En una etapa entre Anserma y Cartago la camioneta GMC modelo 50 de Hernán Darío Gómez, que hacía las veces de carro acompañante, no prendió en la salida y por el afán de no dejar a su padre solo en competencia, Jarlinson tomó las dos ruedas de repuesto y le pidió a otro auto que lo llevara. Paradójicamente ese día José Gabriel pinchó. “Pará, pará, ese gordito es mi papá. Tengo que ayudarle”, le dijo al conductor desconocido que ante el afán del niño frenó en seco. Se bajó, cambió la rueda delantera y antes de que José pudiera decir algo soltó una frase de entrenador: “Apurate para que no perdás tiempo”. Ya entendía la dinámica del ciclismo, ya era bastante leal con los suyos.

Esa vehemencia también la mostró cuando tomó coraje y encaró a su padre para que lo dejara ir a entrenar con él, a las cuatro de la mañana, hasta el aeropuerto Alfonso Bonilla Aragón. Tenía una bicicleta marca Raúl Mesa, de hierro, marco 46, con un plato 42 y un piñón de 14 dientes, es decir, una cicla pesada, muy grande para él y con las especificaciones de un corredor de categoría preinfantil. Como pudo se las ingenió para ir al paso de su papá y los amigos, y rodar a 45 kilómetros por hora, entendiendo que en el ciclismo el dolor en las piernas era inevitable, pero el sufrimiento, opcional.

Su esfuerzo tremendo, casi desmesurado, en una máquina obsoleta tuvo una recompensa. A partir de ese momento se ganó el derecho a entrenar con José Gabriel todos los días y llegar tarde a clases, a eso de las 7:30 a.m., mientras todos los niños entraban una hora antes. No hubo objeción de los profesores del colegio San Pedro Claver siempre y cuando cumpliera con las tareas. Esta vez no tuvo que llorar para lograr algo, sólo pedalear como si no hubiera un mañana.

Como si fuera un pasatiempo, y no una profesión, mejoró la técnica, estuvo bajo el mando de Carlos Serna, un DT de pista empírico hecho a punta de caídas.

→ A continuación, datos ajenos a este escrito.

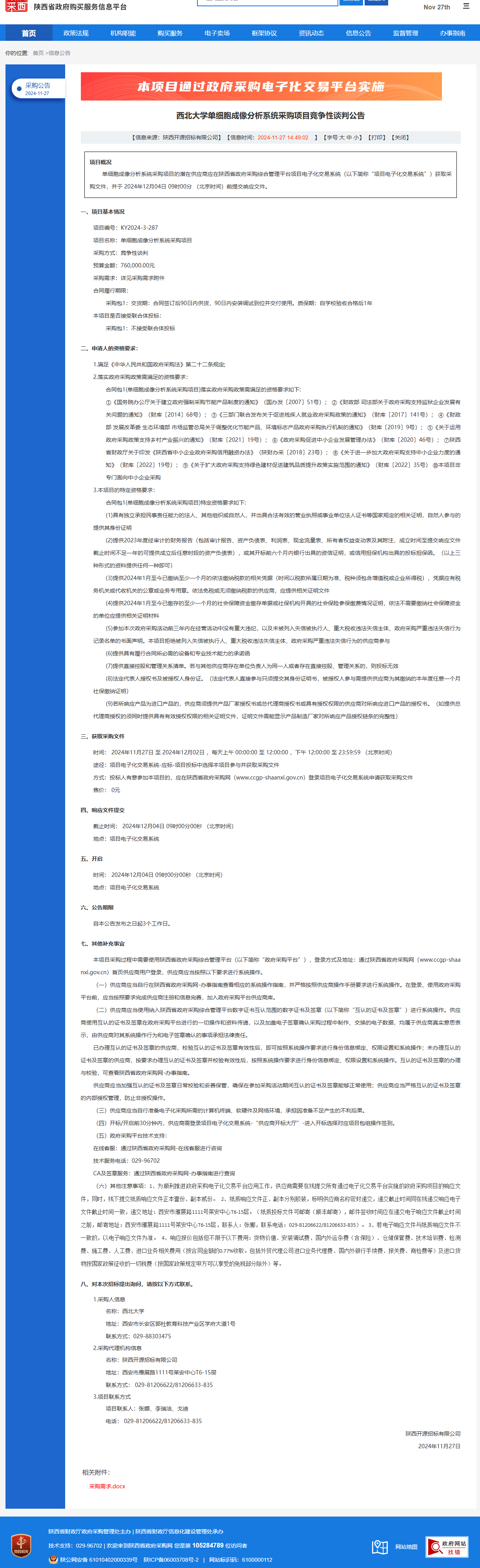星空app官网单细胞成像分析系统采购项目竞争性谈判公告 作者:采购与招标办公室 编辑: 时间:2024-11-27 原公告链接:https://www.ccgp-shaanxi.gov.cn/freecms/site/shaanxi/ggxx/info/2024/8a69c44e9218572b01936c491bb73b3e.html?noticeType=001013¬iceId=477c80ef-ac8d-11ef-8063-08c0eb20c666

Aprendió los secretos del velódromo, a confiar en la segunda ley de Newton en cada peralte así su cuerpo estuviera a punto de rozar la madera. Se cambió de categoría, pues los niños de su edad ya no eran rivales. Su carisma se confundió muchas veces con indisciplina, pero de a poco la gente cercana entendió que ser extrovertido era su manera. Dejó de llorar para sonreír por todo.

Y eso que casi se retira del ciclismo cuando tenía 18 años y las opciones del profesionalismo eran mínimas. Trabajó en el almacén Bellatelas de Cali, en la bodega de la carrera octava con calle 12, cargando rollos de tela que pesaban entre 100 y 110 kilos. Colgó la bicicleta durante dos meses, pero no pudo ser ajeno a la magia de sus instintos. Llegó al equipo Colombia es Pasión y bajo el mando de Luis Fernando Saldarriaga aprendió que a veces la felicidad no enseña nada y que la tristeza curte para el futuro. Hoy, Jarlinson, que se llama así por la afición de su papá a las motos Harley Davidson, está a dos días de correr su tercer Tour de Francia, esta vez como gregario de Alberto Contador en el equipo Trek, dispuesto a sacrificar el beneficio propio por el de alguien más. Intentará ganar la etapa 18 de la ronda gala, la del 20 de julio, el mismo día que ganó su primera carrera en el barrio La Independencia cuando apenas tenía 11 años y correr era un juego de niños.